A previous in vitro study revealed that the mechanism of induction of AgNPs cytotoxicity in cultured liver cells included autophagy and lysosomal membrane permeabilization, resulting in NOD-, LRR- and pyrin domain-containing protein 3 NLRP3 inflammasome-dependent caspase-1 activation [48]. Toxic effects of silver were also attributed to oxidative stress, reactive oxygen species generation, and mitochondrial and DNA damage [1]. Animal studies revealed that AgNPs toxicity is dose- and size-dependent [31,34]. Transcriptomic analysis of rabbit tissue after AgNPs exposure indicated potential carcinogenicity of silver in terms of continuous genomic instability. A total of 244 genes were differentially expressed 28 days after a single dose of AgNPs. High correlation of these genes with inflammation, hepatotoxicity, and cancer was confirmed [2]. Histological examination of rat liver after 8 weeks of oral treatment with AgNPs in the dose of 10 mg/kg showed distortion in hepatocellular arrangement, nuclear condensation and pyknosis, and areas of vascular changes suggesting loss of liver architectural support or fibrosis [49]. These data revealed that silver exposure in the form of nanoparticles could provoke multifaceted, continued, and prolonged damage of liver tissue structure and function. Furthermore, very recent data indicate that even apparently non-toxic exposures to AgNPs may impair liver function, by specific inhibition of nuclear receptors, zinc finger effectors of hormonal activity [50]. Ag(I) ions were recently shown to easily remove Zn(II) ions from zinc fingers, providing molecular background for this process, and indicating that AgNPs may impair zinc-specific pathways as well, even without affecting the bulk cellular zinc [15].
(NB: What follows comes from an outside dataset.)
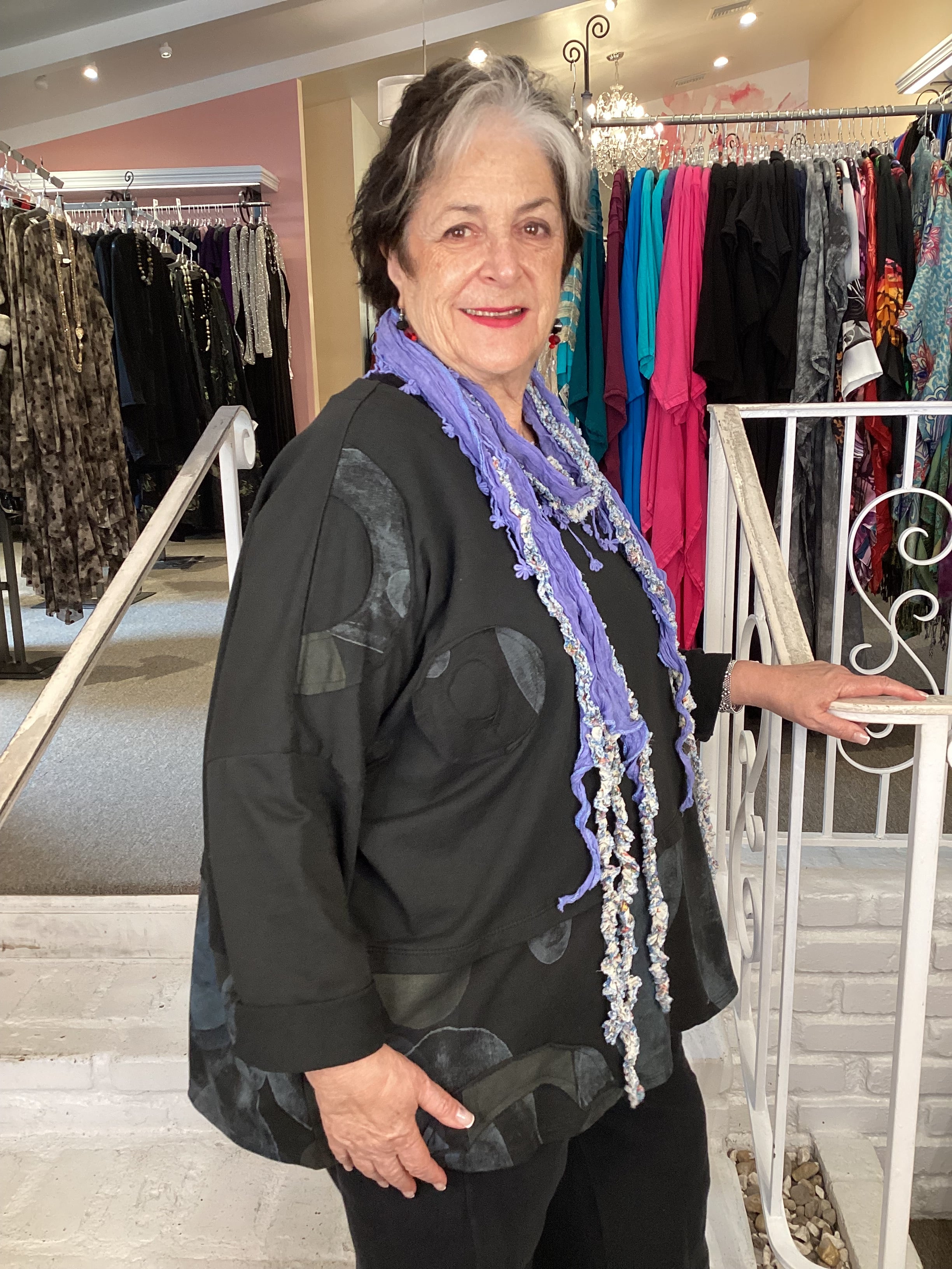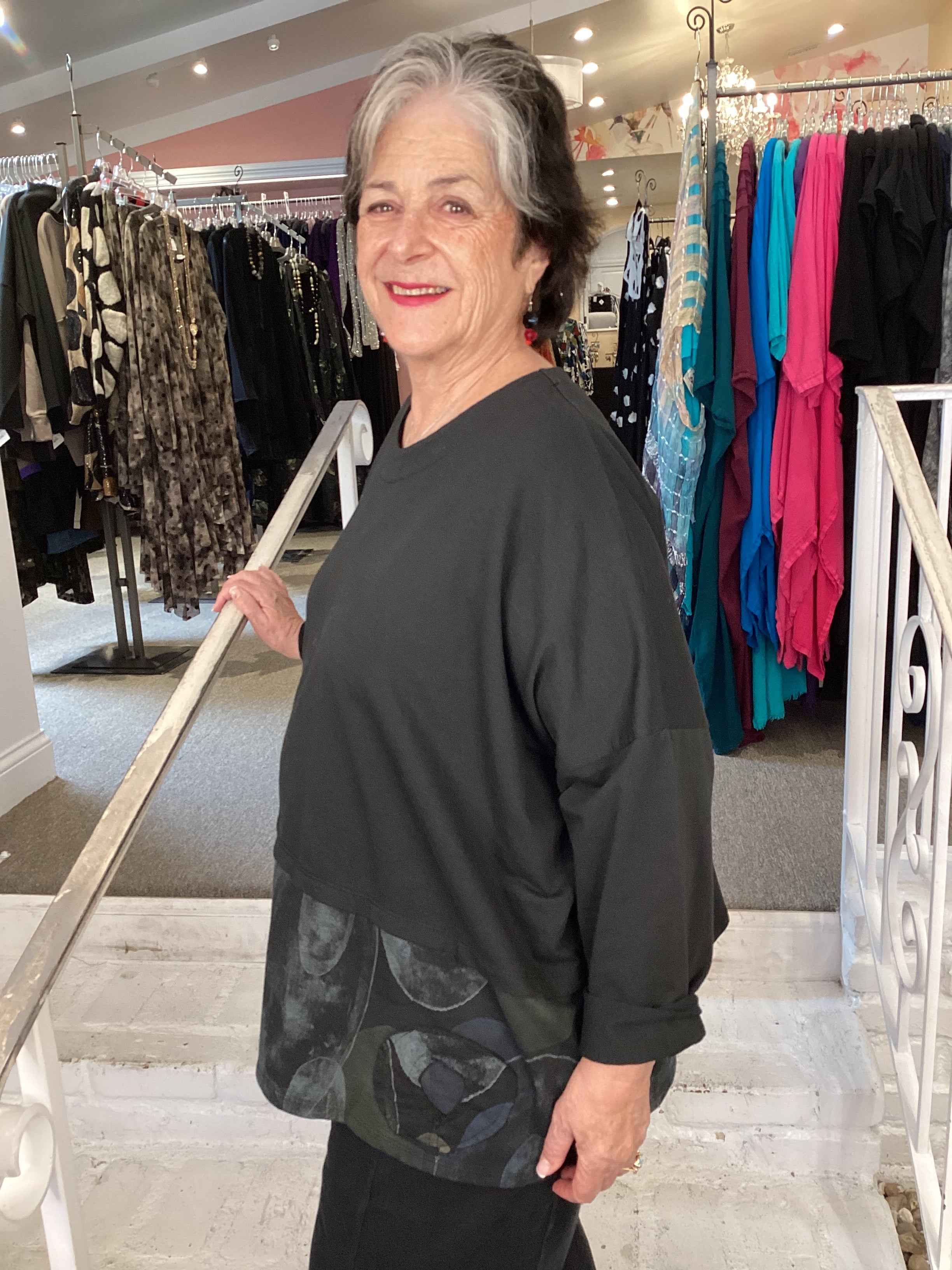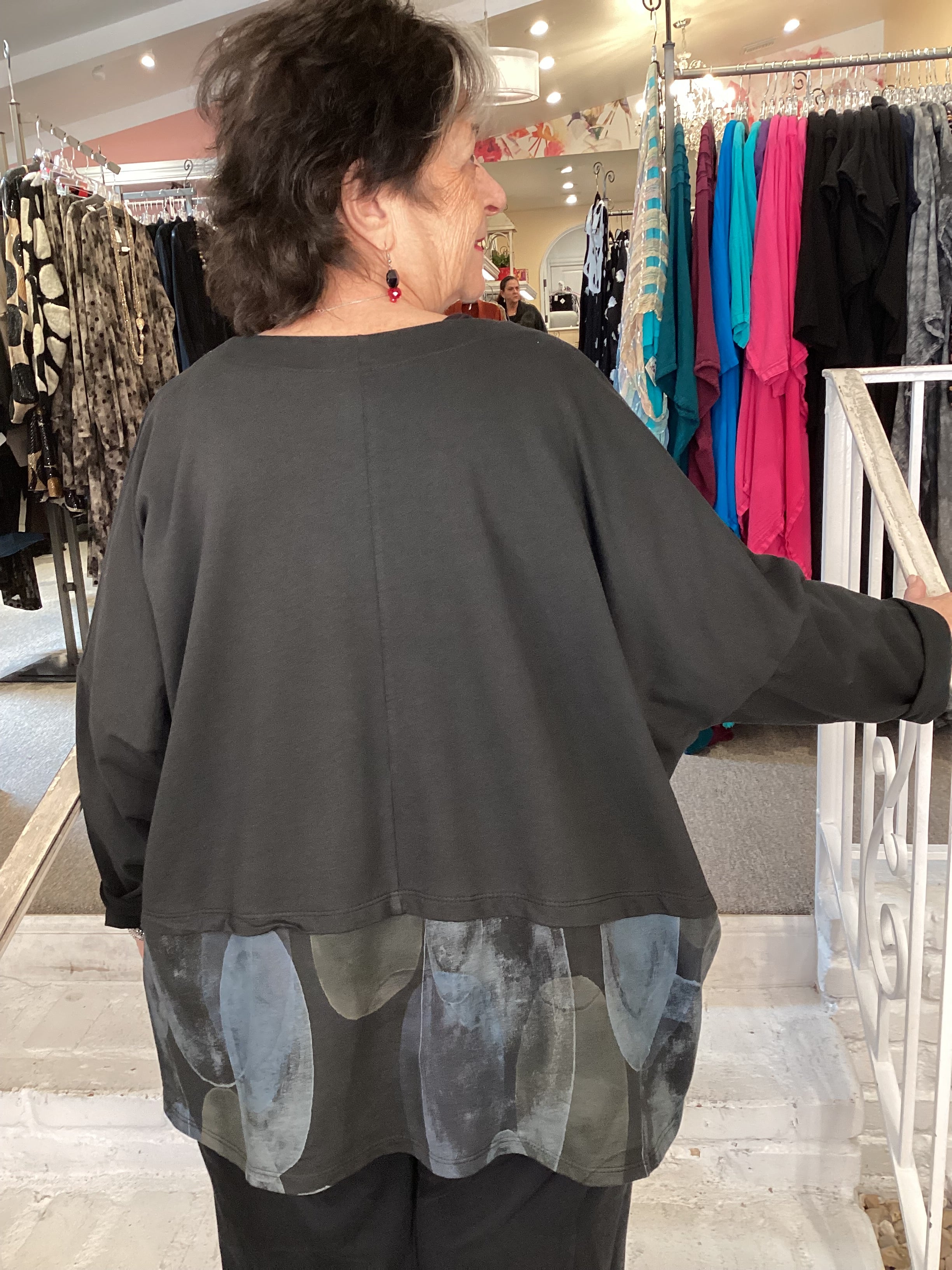 Enjoy this fall French terry sweatshirt in a generous square shape with long sleeves and round neckline. The front hemline is a colorful contrasting fabric and round appliques adorn the front right side. Our 1X/2X model is comfortable in this one size garment.

In conclusion, our results indicate that human liver accumulates silver, especially in patients with long medical treatment history and potentially increased exposure to AgNPs present in standard medical devices, such as catheters coming into direct contact with body fluids. While we could not exclude that cirrhosis itself enhances silver accumulation in liver, it could augment the disease and aggravate clinical outcomes. Correlation between silver and copper concentration in cirrhotic liver could indicate a potentially synergistic adverse effect on liver function. Taking into account the widespread and increasing use of AgNPs, their potential hepatotoxicity becomes an urgent issue in public health.